“When we walk to the edge of all the light …”
Sinéad Donnelly
I am a palliative medicine doctor and recently I have returned to practice acute hospital medicine. As professionals serving others, doctors train to be aware of their human reactions to events, interactions and people. It is part of the discipline of being a doctor. From my years of experience I believe this is fundamental to good healing practice, resilience and growth. As Dr Tom Mulholland says in the article: “You have to live in the moment and practice mindfulness.” (North & South, September 2015, p. 62).
One might expect that Palliative medicine would be one of the principal areas for “compassion fatigue”. Yet it is also potentially a nurturing place for staff, aware of each other and kind to each other. Although compassion is called from us as doctors, nurses, chaplains and allied health staff, we also receive from each other. This mutuality sustains us. This does not automatically happen in a palliative care team, community or unit. It needs to be a conscious value of the team, attended to on a daily basis. We cannot be compassionate and kind to the patient if we are not kind to one another. A buoyancy of life is thus created which sustains us. In this space, although serving those who are dying and witnessing untold grief, we support each other.
Mr W (89) came to the Emergency Department during the night. The night registrar summarized the patient’s story – shortness of breath, attributing it to exacerbation of chronic obstructive airways disease. I met Mr W Saturday morning with Ella the registrar for that day. He was returning from the toilet, sitting now on the side of the bed and breathless. I was unsure how different this was from the time of his admission 6 hours before. I thought he had heart failure. We asked the nurse to give him frusemide. I thought the tracing of his heart (ECG) suggested ongoing damage to his heart. We continued on seeing other new patients.
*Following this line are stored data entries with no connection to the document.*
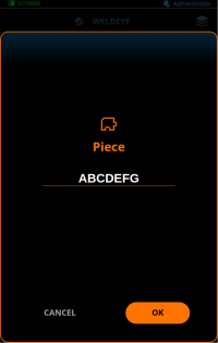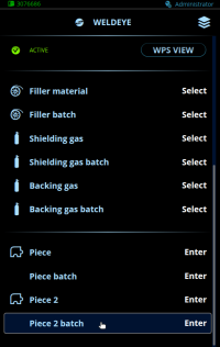 As informações da peça de trabalho também podem ser usadas e salvas no WeldEye. Se esse recurso estiver ativado nas configurações do serviço de nuvem do WeldEye, a seleção da peça de trabalho estará disponível na visualização do WeldEye.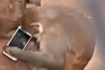 游客手机掉进猴山 “大圣”把玩爱不释手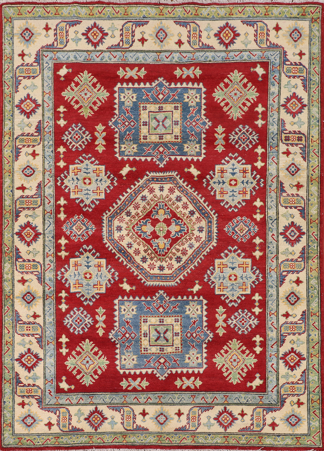 Handmade Red Wool Kazak Oriental Rug 5x7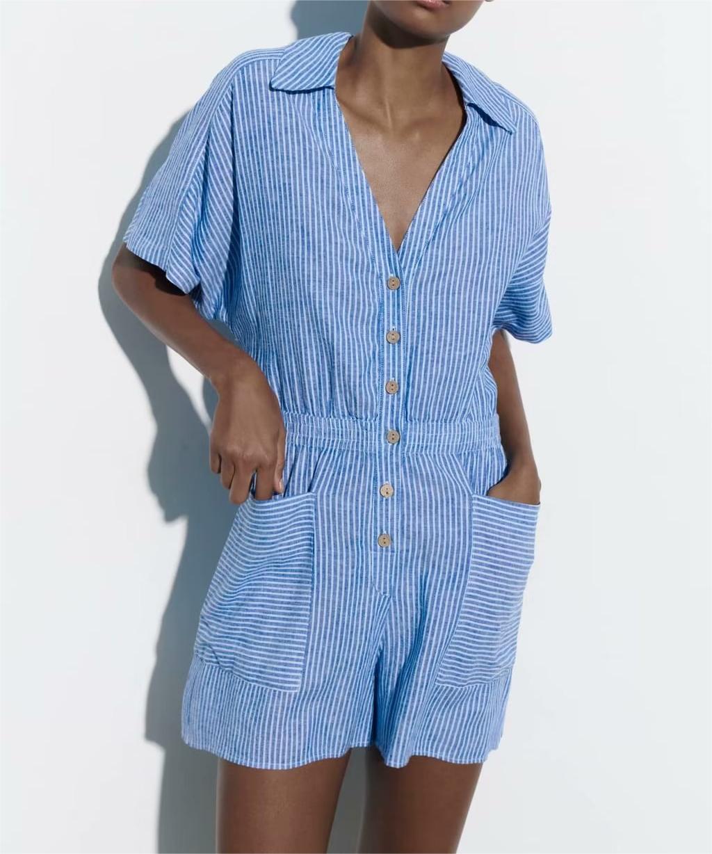 Wind Linen Blended Romper Casual Shorts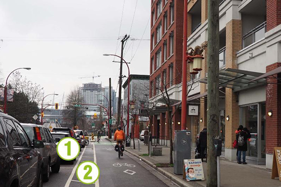 The group also finds that many people would walk or bike more if they felt safer doing so. They say the way to make them feel safer is to re-design city streets to provide wider sidewalks and protected bike lanes. They refer to these as “complete streets” and point to Union Street (a former 6 lane street depicted in the picture above) in Vancouver as a typical example. Here, bicyclist are protected from moving traffic by a buffer zone of parked cars. Bike riders and pedestrians are also kept separate from each other.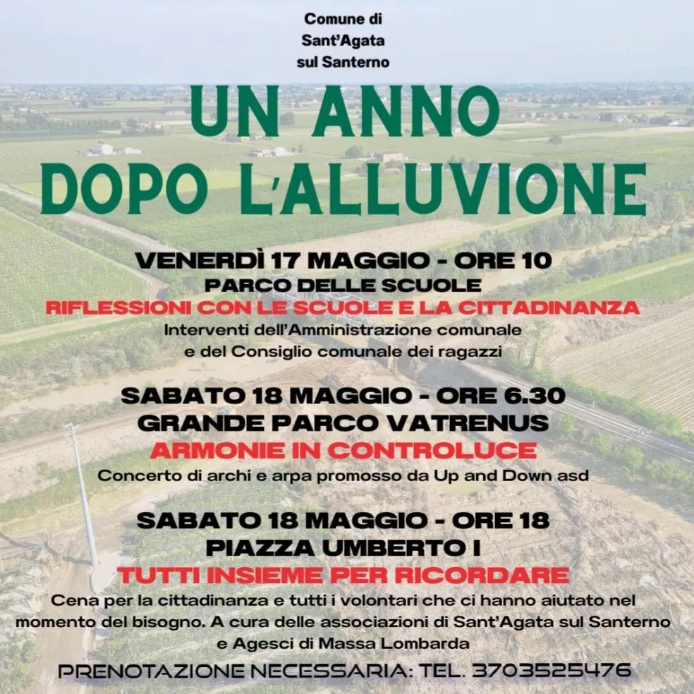 I comuni dell'Unione ricordano il primo anniversario dall'alluvione di maggio 2023 con numerosi appuntamenti rivolti a tutti.

About an hour later, an alarm bell rang in the Medical Assessment Unit - Bed 23 - Mr W’s bed. The nurse was there. He had just died. I decided immediately that CPR was not appropriate. Ella consoled the nurse who was upset that she had left him just before he died. I phoned his daughter as the identified contact person. She cried, clearly surprised and distressed. She said her mother was just then getting his clothes ready, preparing for him to come home that day.
They arrived about two hours later. His wife in a wheelchair, crying. She was afraid to go into the room where he lay. I encouraged them all to enter the room. Mrs W lifted herself out of the wheelchair by his bedside, leaning over him, almost lying on him, weeping, hugging him, talking to him. My heart was breaking now. The image of this small lady leaning over this man, her husband of 65 years.
I could not understand why I was so upset after 22 years in Palliative Medicine. I think it is because in acute medicine, unlike Palliative Medicine, you are so close to the front line; because in acute medicine you do not have your Palliative Medicine armour on. The chaos and uncertainty, the surprise factor of acute medicine, render me exposed and vulnerable. “Palliative” comes from the word “pallium” to cloak or shield. But now I know “pallium” used to shield me.
The poignancy intensified. I sent them a card offering my condolences. Mrs W responded, phoning me to request a meeting. “Oh dear,” I wondered ... A week later we sat again in the same room where she had hugged her dead husband. Mrs W said “The nurse phoned me that morning, said S wanted to speak to me”. As the nurse brought the phone to his bedside, “the battery died”. So they never spoke. She presumed he wanted to tell her to bring in his clothes, that he was going home. So she started to get his clothes ready. Now she wonders did he want to say he loved her. “Is that what he wanted to say…?”
Mrs W thanked me. They all thanked me. My heart was breaking. Acute Medicine – no place for the faint hearted.
Would repeated encounters like that with Mr and Mrs W wear me out and lead to compassion fatigue? Not necessarily. In this story there is a mutuality in the exchanges between us, a give and take, an ebb and flow, an emptying and a filling. I am called to be aware, be alert to all that is happening to the patient, the family and to myself. In that space of being fully present, I am emptied and I am filled.
“When we walk to the edge of all the light you have and take that first step into the darkness of the unknown, you must believe that one of two things will happen: There will be something solid for you to stand on, or, you will be taught to fly.” “Faith” by Patrick Overton - “The Leaning Tree”
Dr Sinéad Donnelly is a Palliative Medicine and Internal Medicine Physician in Wellington.